### WORK TO COMPLETE:
Give the data below again exactly as written, without its pictures.

*** Opening DATA ***

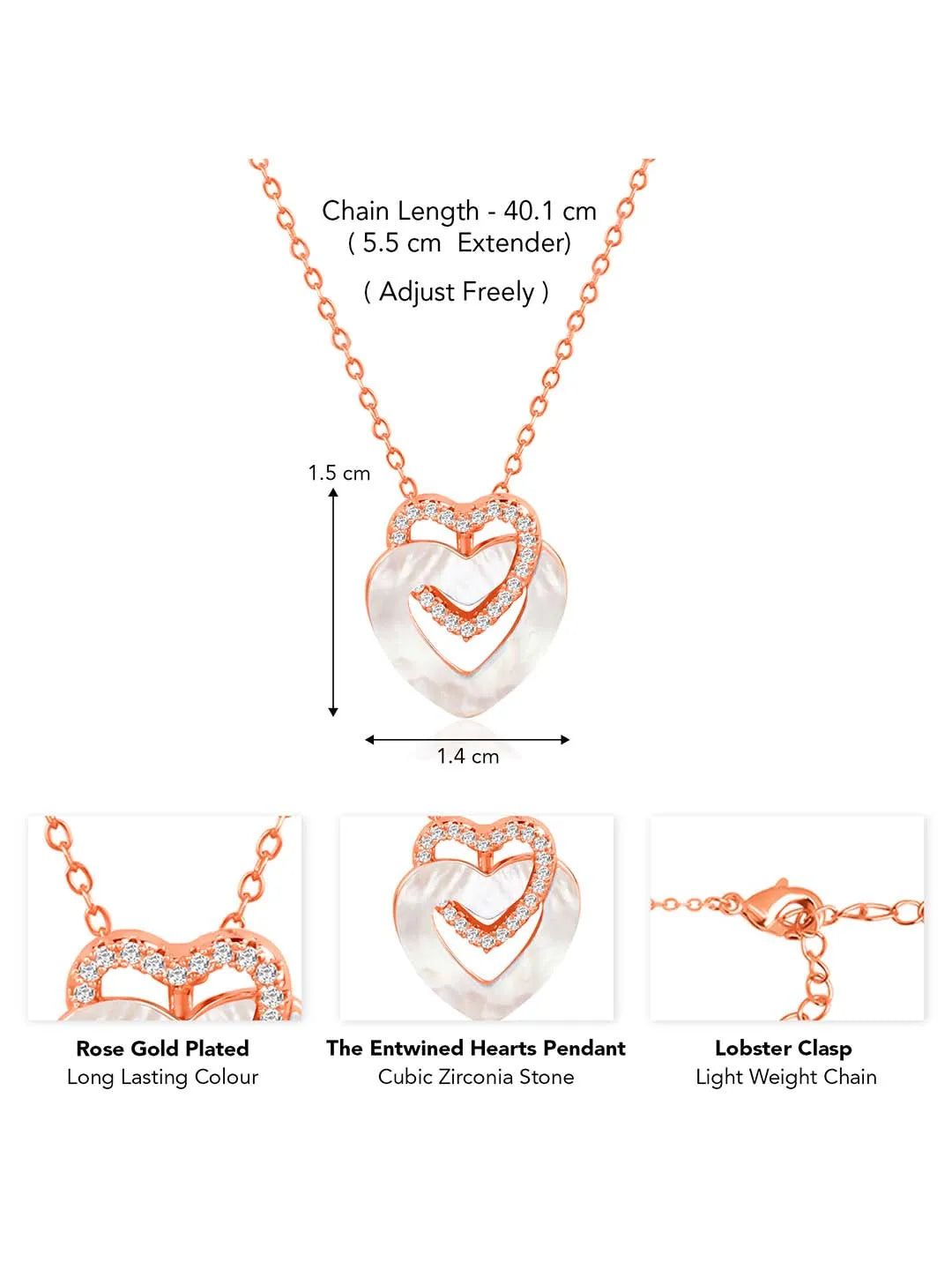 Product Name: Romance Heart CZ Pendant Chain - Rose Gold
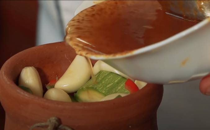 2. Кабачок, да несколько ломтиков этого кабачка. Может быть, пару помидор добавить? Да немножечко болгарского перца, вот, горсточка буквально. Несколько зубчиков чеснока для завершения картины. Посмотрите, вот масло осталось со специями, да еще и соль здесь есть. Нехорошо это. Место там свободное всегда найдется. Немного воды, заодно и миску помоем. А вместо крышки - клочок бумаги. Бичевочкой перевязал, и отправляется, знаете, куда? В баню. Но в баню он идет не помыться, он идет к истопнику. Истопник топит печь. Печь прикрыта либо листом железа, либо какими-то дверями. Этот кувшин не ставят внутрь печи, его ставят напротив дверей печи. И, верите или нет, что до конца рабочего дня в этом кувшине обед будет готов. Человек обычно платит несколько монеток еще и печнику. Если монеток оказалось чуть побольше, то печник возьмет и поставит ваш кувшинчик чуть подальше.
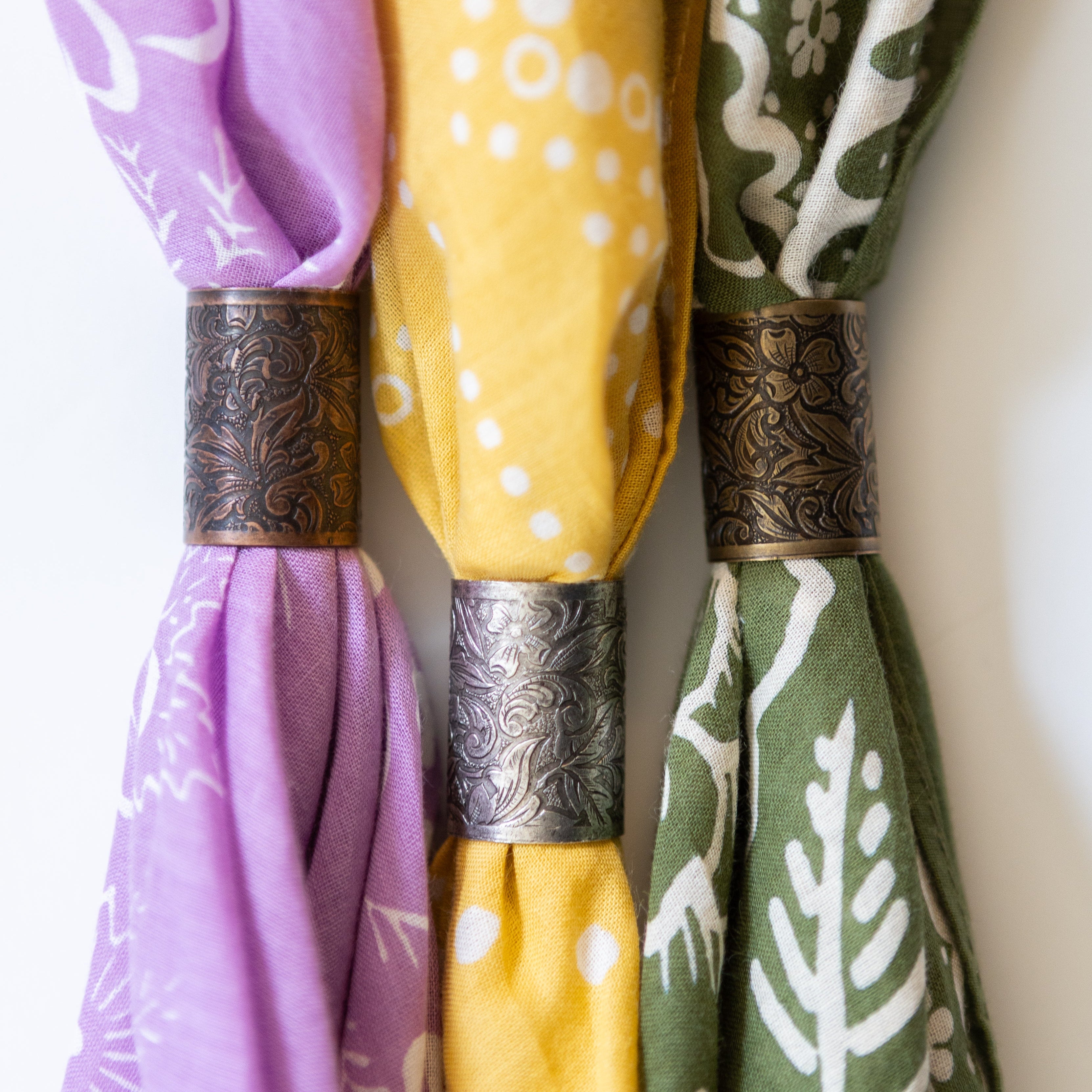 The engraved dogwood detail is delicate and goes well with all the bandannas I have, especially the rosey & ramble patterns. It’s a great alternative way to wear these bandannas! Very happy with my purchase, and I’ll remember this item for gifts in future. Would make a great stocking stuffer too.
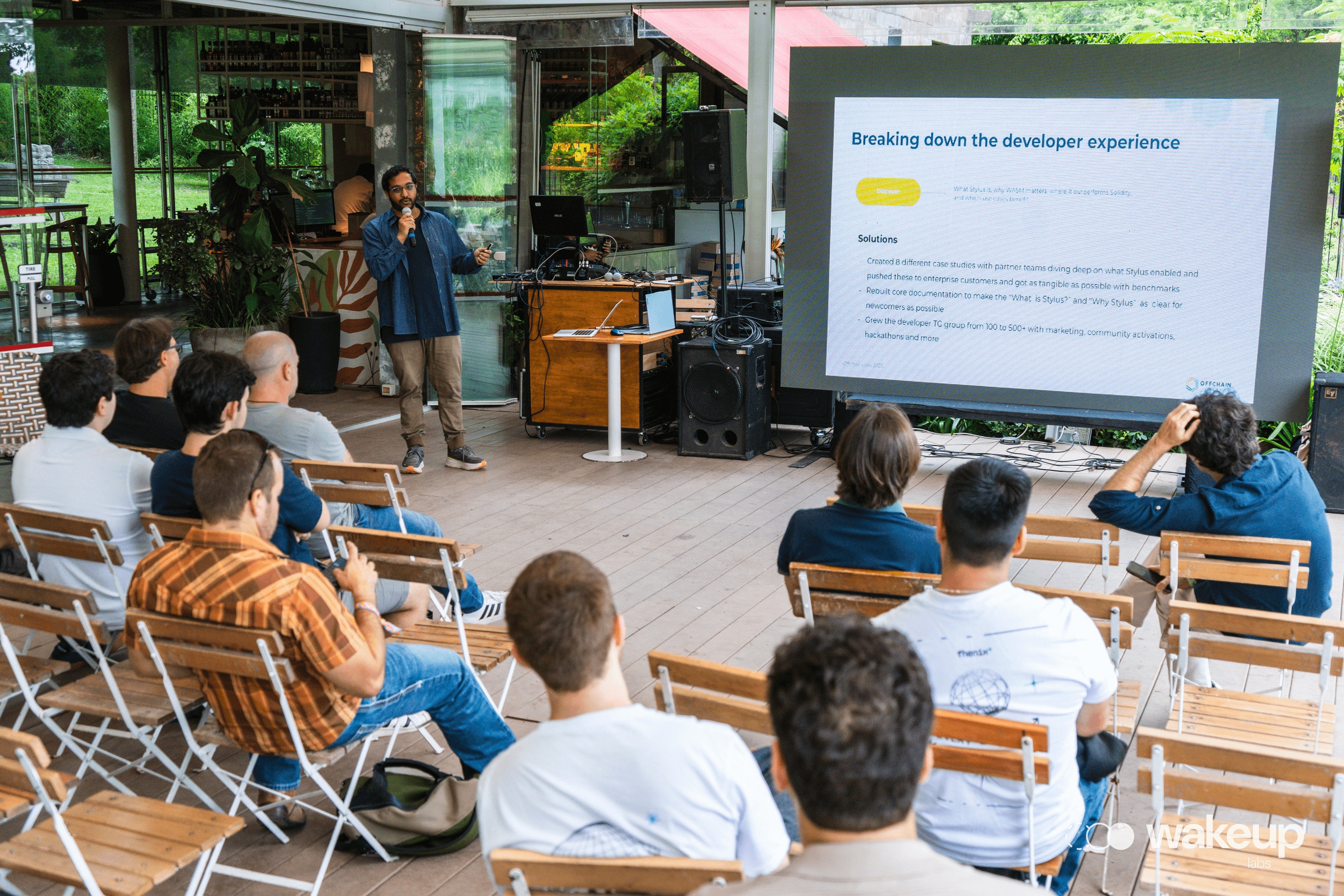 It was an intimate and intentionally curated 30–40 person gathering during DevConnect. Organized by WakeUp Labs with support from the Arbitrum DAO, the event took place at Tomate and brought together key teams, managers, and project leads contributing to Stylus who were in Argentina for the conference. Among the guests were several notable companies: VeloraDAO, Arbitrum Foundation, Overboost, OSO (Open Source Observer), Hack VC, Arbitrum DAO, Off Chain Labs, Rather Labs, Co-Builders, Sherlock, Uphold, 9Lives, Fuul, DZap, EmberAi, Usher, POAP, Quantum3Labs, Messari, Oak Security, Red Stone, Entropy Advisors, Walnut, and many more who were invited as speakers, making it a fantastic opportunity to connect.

*** Closing DATA ***

### RESULT FOR THIS TASK:
 Product Name: Romance Heart CZ Pendant Chain - Rose Gold
 2. Кабачок, да несколько ломтиков этого кабачка. Может быть, пару помидор добавить? Да немножечко болгарского перца, вот, горсточка буквально. Несколько зубчиков чеснока для завершения картины. Посмотрите, вот масло осталось со специями, да еще и соль здесь есть. Нехорошо это. Место там свободное всегда найдется. Немного воды, заодно и миску помоем. А вместо крышки - клочок бумаги. Бичевочкой перевязал, и отправляется, знаете, куда? В баню. Но в баню он идет не помыться, он идет к истопнику. Истопник топит печь. Печь прикрыта либо листом железа, либо какими-то дверями. Этот кувшин не ставят внутрь печи, его ставят напротив дверей печи. И, верите или нет, что до конца рабочего дня в этом кувшине обед будет готов. Человек обычно платит несколько монеток еще и печнику. Если монеток оказалось чуть побольше, то печник возьмет и поставит ваш кувшинчик чуть подальше.
 The engraved dogwood detail is delicate and goes well with all the bandannas I have, especially the rosey & ramble patterns. It’s a great alternative way to wear these bandannas! Very happy with my purchase, and I’ll remember this item for gifts in future. Would make a great stocking stuffer too.
 It was an intimate and intentionally curated 30–40 person gathering during DevConnect. Organized by WakeUp Labs with support from the Arbitrum DAO, the event took place at Tomate and brought together key teams, managers, and project leads contributing to Stylus who were in Argentina for the conference. Among the guests were several notable companies: VeloraDAO, Arbitrum Foundation, Overboost, OSO (Open Source Observer), Hack VC, Arbitrum DAO, Off Chain Labs, Rather Labs, Co-Builders, Sherlock, Uphold, 9Lives, Fuul, DZap, EmberAi, Usher, POAP, Quantum3Labs, Messari, Oak Security, Red Stone, Entropy Advisors, Walnut, and many more who were invited as speakers, making it a fantastic opportunity to connect.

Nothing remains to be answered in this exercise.